Bacaan: Roma 15 : 14 – 21 | Pujian: KJ. 169
Nats:Jadi dalam Kristus aku boleh bermegah tentang pelayananku bagi Allah.” (Ayat 17)

Seringkali bila kita berjumpa seseorang yang terlalu membanggakan dirinya, misalnya dia kerap memposting foto dirinya di media sosial, maka kita akan berucap,‘’orang kok narsis banget!’’ Istilah narsis ini berasal dari kisah mitologi Yunani tentang seseorang bernama Narcissus yang jatuh cinta terhadap cerminan dirinya sendiri saat berada di tepi danau, bahkan sampai meninggal dunia karena tenggelam pada saat dia berusaha merengkuh bayangan dirinya itu. Lalu bagaimana dengan kehidupan beriman, bolehkah kita narsis atas apa yang kita lakukan atas nama pelayanan kepada Tuhan dan demi menyaksikan kebaikan kasih-Nya kepada kita?

Ungkapan Rasul Paulus dalam Kristus aku boleh bermegah tentang pelayananku bagi Allah tentu berbeda dengan motivasi narsisisme. Jika pusat dari narsistik adalah kepedulian yang berlebihan pada diri sendiri yang ditandai dengan adanya sikap arogan, percaya diri, dan egois, maka dasar dari Rasul Paulus adalah keberaniannya yang didapatkan dari Allah sendiri.
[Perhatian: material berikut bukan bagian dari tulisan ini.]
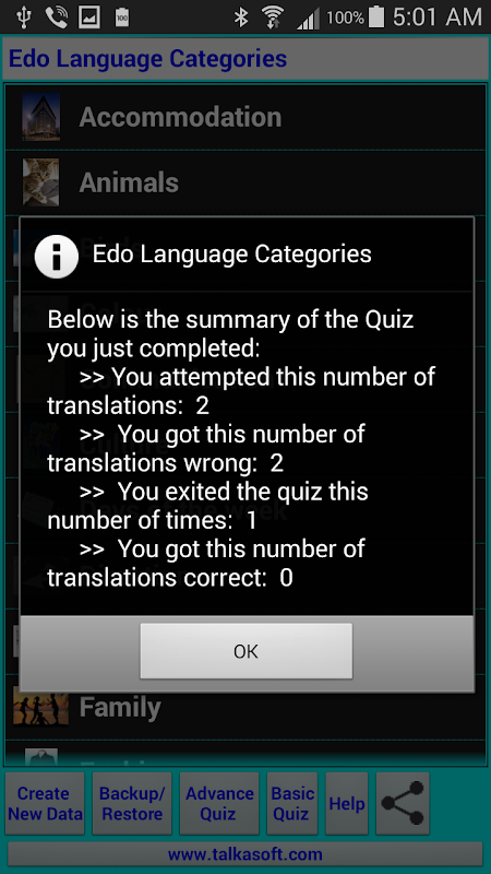 퀴즈 모드 모두 기본 (악센트 문자를 사용하지 않음) 및 고급 (악센트 문자 테스트 지식) 두 모드는 퀴즈의 결과를 표시, 사용할 수 있습니다.

Inilah yang membedakan antara bermegah dalam Tuhan dengan narsis, yaitu orientasi dan motivasi: apakah demi diri sendiri ataukah demi Tuhan serta demi kebaikan sesama yang lebih luas. Kerendahan hatilah yang menjadi kuncinya dan buah pelayananlah yang menjadi ukurannya, yaitu menuntun pada ketaatan melalui perkataan dan perbuatan (Ay. 18).

Dalam masa Adven yang dimaknai sebagai masa penantian kedatangan Tuhan, hendaknya senantiasa kita isi dengan kesadaran untuk menjauhkan diri dari sikap narsistik dan egoisme. Penantian akan kedatangan Tuhan, hendaknya kita isi dengan kesiap-siagaan diri kita serta kesetiaan kita dalam melayani Allah dan sesama yang berlandaskan kerendahan hati. Kita terus berupaya menjaga diri kita dari kesombongan diri yang membuat kita jatuh. Mari membangun semangat pelayanan yang sungguh, sebab dengan motivasi pelayanan yang benar, kita akan menjadi berkat bagi semua orang. Dengan demikian ini akan mendatangkan kebaikan bagi kita dan juga kehidupan bersama. Amin. [ads].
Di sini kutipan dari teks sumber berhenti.